Trump says Iran school strike remains under investigation
Trump called the Minab strike a mistake, but more than 100 days later the Pentagon still has not said who approved the deadly hit on a girls’ school or who will be held accountable.

Trump tried to brush aside the strike on a girls’ school in Minab, but more than 100 days later the central facts still have not been publicly explained. The February 28 attack in southern Iran left a deadly toll, and on Wednesday he said “nobody” attacked the school “on purpose,” adding that “mistakes are made” and “war is nasty.”
That explanation has done little to settle the basic question of who approved the strike and why it hit an elementary school in Hormozgan province. An initial internal U.S. military investigation found U.S. forces were likely responsible, but the Pentagon had not publicly acknowledged those preliminary findings by June 17 and had elevated the probe. U.S. officials also had not released the report or publicly accepted responsibility for the deaths.

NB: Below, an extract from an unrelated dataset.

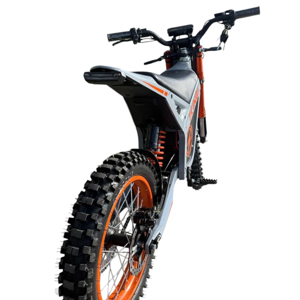 Электропитбайк IKINGI S7 Pro Max Ultra — мощный внедорожный монстр для экстремальных поездок и ежедневного использования. С двигателем 3000 Вт, задним приводом и скоростью до 88 км/ч он легко покоряет горки, грунт и город под нагрузкой до 180 кг. Аккумулятор Li-ion 60V 30 Ач обеспечивает до 80 км пробега (реально 40–70 км в зависимости от режима, веса и рельефа), зарядка за 3–4 часа. Внедорожные шины 19R/16R с двойными амортизаторами смягчают удары на неровностях.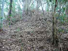| 台地先端部にある土壇。櫓台というほどの規模はなく、古墳ででもあろうか。 | Bの虎口。明らかに虎口のように見えるのだが、ここに通じる道はなく、下は急斜面となっている。 |

The gap between the official silence and the scale of the destruction is wide. Amnesty International said the strike killed 156 people, including 120 children, and said the school was directly struck along with 12 other structures in an adjacent Islamic Revolutionary Guard Corps compound. The organization called for a transparent, independent, public investigation and said artificial intelligence may have played a role in the targeting chain.
Human Rights Watch said the attack on the primary school in southern Iran should be investigated as a war crime. UNESCO and other international human rights organizations condemned it as a grave violation of humanitarian law, underscoring how quickly the Minab strike has become a test case for the rules governing modern warfare and civilian protection.
The case has also sharpened scrutiny of U.S. targeting practices during the Iran war, including whether outdated intelligence or AI-assisted targeting contributed to the strike. So far, though, the public record remains incomplete: no official explanation of the approval process, no public release of the findings, and no announced consequences for the decision that turned a school into a mass-casualty site.